- Occupations: poet, grammarian, dialectician
- Writing career
- Language: Latin
- Period: 8th century AD
- Notable work: Ad Karolum Regem
- Literary movement: Carolingian art

= Hibernicus exul =

Anonymous 8th-century Irish poet

Hibernicus exul (fl. 8th century) was an anonymous Irish Latin poet, grammarian, and dialectician. His works include a comic mock epic, a panegyric to Charlemagne, epigrams of advice to young scholars, and a poetic overview of the seven liberal arts.

==Overview==
Hibernicus exul is Latin for "Hibernian exile". This is the name given to an anonymous Hiberno-Latin poet of the Carolingian Renaissance who lived and wrote in Francia. The poet has been variously identified with both Dungal and Dicuil. Thirty-eight of his poems are extant, all of which are preserved in a single manuscript in the Vatican Library (Bibl. Apostolica, Reg. lat. 2078).

==Ad Karolum Regem==
The anonymous exile's most famous work is a fragmentary Latin eclogue praising Charlemagne for his defeat of Tassilo III of Bavaria in 787.

The poem, Ad Karolum Regem ("To King Charles") in the Monumenta Germaniae Historica and In Praise of Poetry in Peter Godman's excerpted English translation, is written as a dialogue between poet and Muse (the parts of which are difficult for modern editors to perfectly discern), an idea picked up by Walahfrid Strabo.

The poem begins with a description of Charlemagne and Tassilo, dux inclitus ("distinguished duke"). Charlemagne's gifts to the disobedient Tassilo, Tassilo's ceremonious submission and payment of tribute, and the reconciliation of the two Christian princes are the major themes of the opening part of the work. The remainder is filled with the dialogue of the humble poet and the Muse who shows him the immortality of poetry.

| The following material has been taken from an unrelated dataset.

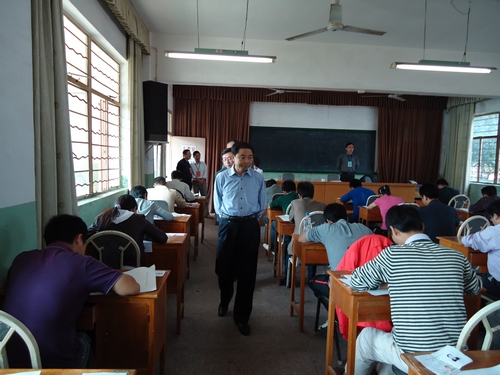 9月24日,安慶市公開選拔縣科級干部考試宜秀考點筆試工作在區委黨校舉行,來自全市各地的189名考生參加了當天上午競聘宜秀區衛生局副局長、區科協副主席及副主任科員崗位的筆試,區委書記夏吉苗、區委常委、組織部長程賢華到各考場進行了巡考。圖為巡考現場。
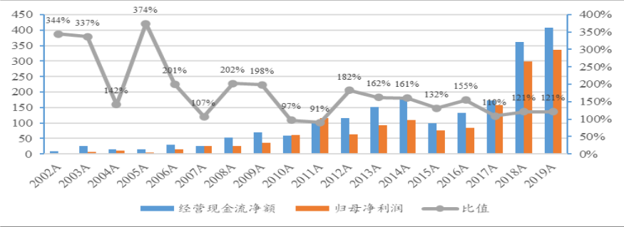 2016 年至今良好的利潤和現(xiàn)金流使海螺水泥資產(chǎn)負(fù)債表的極大修復(fù),資產(chǎn)負(fù)債率值下降到 20%的水平;同時(shí)海螺水泥分紅相對(duì)不高,致使凈資產(chǎn)累計(jì),在凈利潤難以繼續(xù)大幅增長的情況下凈資產(chǎn)收益率水平提升有一定壓力。上市以來海螺水泥礦山資源優(yōu)勢(shì)、銷售成本優(yōu)勢(shì)提供優(yōu)異的現(xiàn)金流,支撐海螺水泥資本開支。可以看到在整個(gè)產(chǎn)能擴(kuò)張階段主要依靠經(jīng)營凈現(xiàn)金流支撐,股權(quán)融資和債券融資數(shù)額均較少。海螺水泥對(duì)下游商混、渠道市場(chǎng)議價(jià)能力較強(qiáng)也能在現(xiàn)金流中反應(yīng)。資產(chǎn)負(fù)債率方面,上市之初產(chǎn)能快速擴(kuò)張致使資產(chǎn)負(fù)債率快速上升,2007-2008 年的股權(quán)融資 156 億元使資產(chǎn)負(fù)債率從 60%以上降至 40%,2011—2013 年發(fā)行企業(yè)債并購產(chǎn)能使資產(chǎn)負(fù)債率有所上升,而后隨著資本開支減少、利潤增長,負(fù)債率快速下降 20%,大幅優(yōu)于行業(yè)其他公司和絕大部分其他周期性行業(yè)龍頭公司。海螺水泥良好資產(chǎn)負(fù)債表和儲(chǔ)備的大量現(xiàn)金賦予企業(yè)較強(qiáng)風(fēng)險(xiǎn)抵御能力,并能在新增產(chǎn)能受禁的情況下借機(jī)并購?fù)卣巩a(chǎn)能、進(jìn)入其他行業(yè)。根據(jù)我們預(yù)測(cè),到 2020 年底海螺水泥現(xiàn)金和理財(cái)產(chǎn)品總額將達(dá)到 900 億元。近幾年現(xiàn)金凈流額如圖3所示。

To the historian, the exul's poem indicates the high value ascribed to generosity and reconciliation amongst Christians and portrays the defeated duke in a fair light. The exaltation of poetry (by a poet) was necessary in a world that concentrated on material and especially martial success. The poet also affirms that secular subjects are equally worthy as sacred ones for versification, making the Ad Karolum Regum one of the earliest Latin Christian defences of courtly/public panegyric.

==Epigrams==
Hibernicus exul also wrote a couple of Latin epigrams illustrating two contrasting pedagogical methods: encouragement and threat. The first draws on proverbs in the Disticha Catonis and goes like this:

==Critical thoughts on the poems==
The Catholic Encyclopedia has the following to say of Hibernicus:

"The poems of this exile show that he was not only a poet but a grammarian and dialectician as well. They also reveal his status as that of a teacher, probably in the palace school. Of more than ordinary interest are the verses which describe the attitude of the ninth-century teacher towards his pupils. His metrical poem on the seven liberal arts devotes twelve lines to each of the branches, grammar, rhetoric, dialectic, etc., showing the origin, scope, and utility of each in succession. Like the lines on the same subject by Theodulf of Orléans, they may have been intended to accompany a set of pictures in which the seven liberal arts were represented. The style of these poems, while much inferior to that of the classical period is free from many of the artificialities which characterize much of the versification of the early Middle Ages."